** Opening Recorded data block **

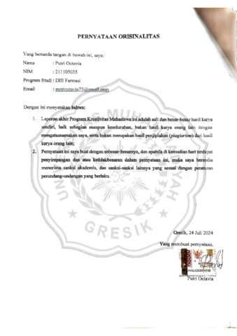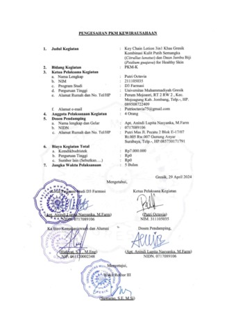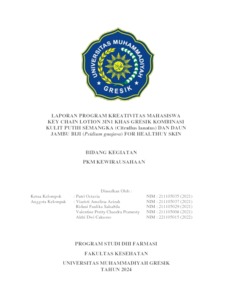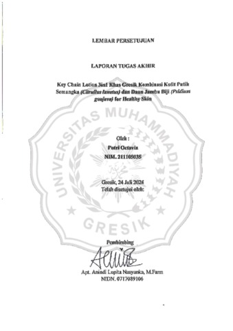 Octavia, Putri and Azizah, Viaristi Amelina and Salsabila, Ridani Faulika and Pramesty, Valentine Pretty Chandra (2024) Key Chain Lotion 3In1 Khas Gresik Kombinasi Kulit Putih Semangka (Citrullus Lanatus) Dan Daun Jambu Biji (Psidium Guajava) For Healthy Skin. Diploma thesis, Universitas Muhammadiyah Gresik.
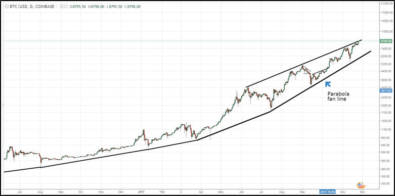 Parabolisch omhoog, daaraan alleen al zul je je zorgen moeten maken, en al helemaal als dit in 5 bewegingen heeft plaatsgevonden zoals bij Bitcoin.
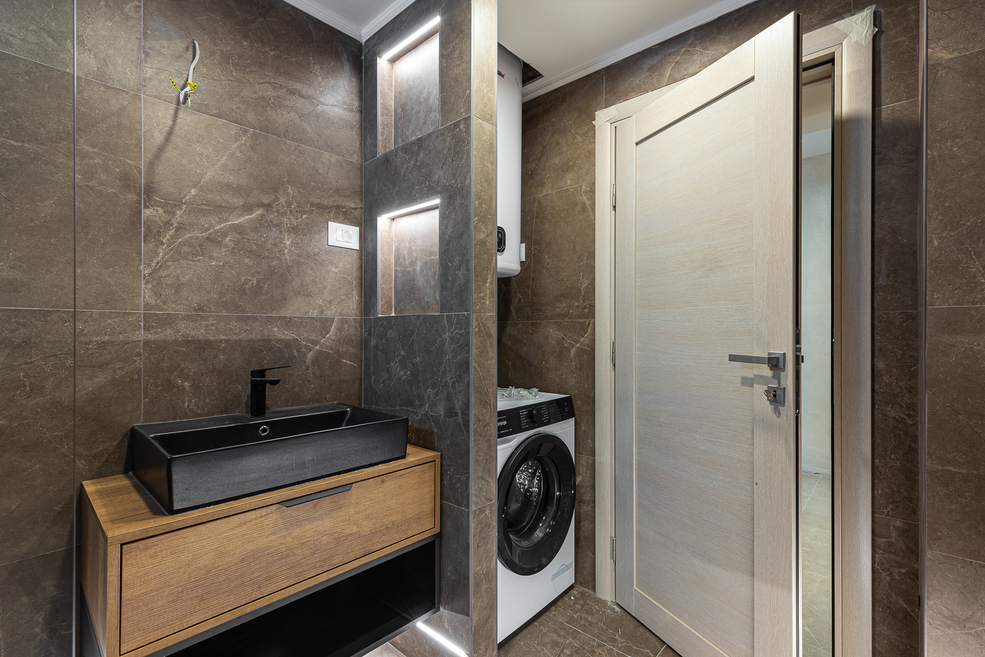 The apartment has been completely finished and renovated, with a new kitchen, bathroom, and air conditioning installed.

** Closing Recorded data block **

What is needed is a word-for-word copy of the data above, free of any images.

 Octavia, Putri and Azizah, Viaristi Amelina and Salsabila, Ridani Faulika and Pramesty, Valentine Pretty Chandra (2024) Key Chain Lotion 3In1 Khas Gresik Kombinasi Kulit Putih Semangka (Citrullus Lanatus) Dan Daun Jambu Biji (Psidium Guajava) For Healthy Skin. Diploma thesis, Universitas Muhammadiyah Gresik.
 Parabolisch omhoog, daaraan alleen al zul je je zorgen moeten maken, en al helemaal als dit in 5 bewegingen heeft plaatsgevonden zoals bij Bitcoin.
 The apartment has been completely finished and renovated, with a new kitchen, bathroom, and air conditioning installed.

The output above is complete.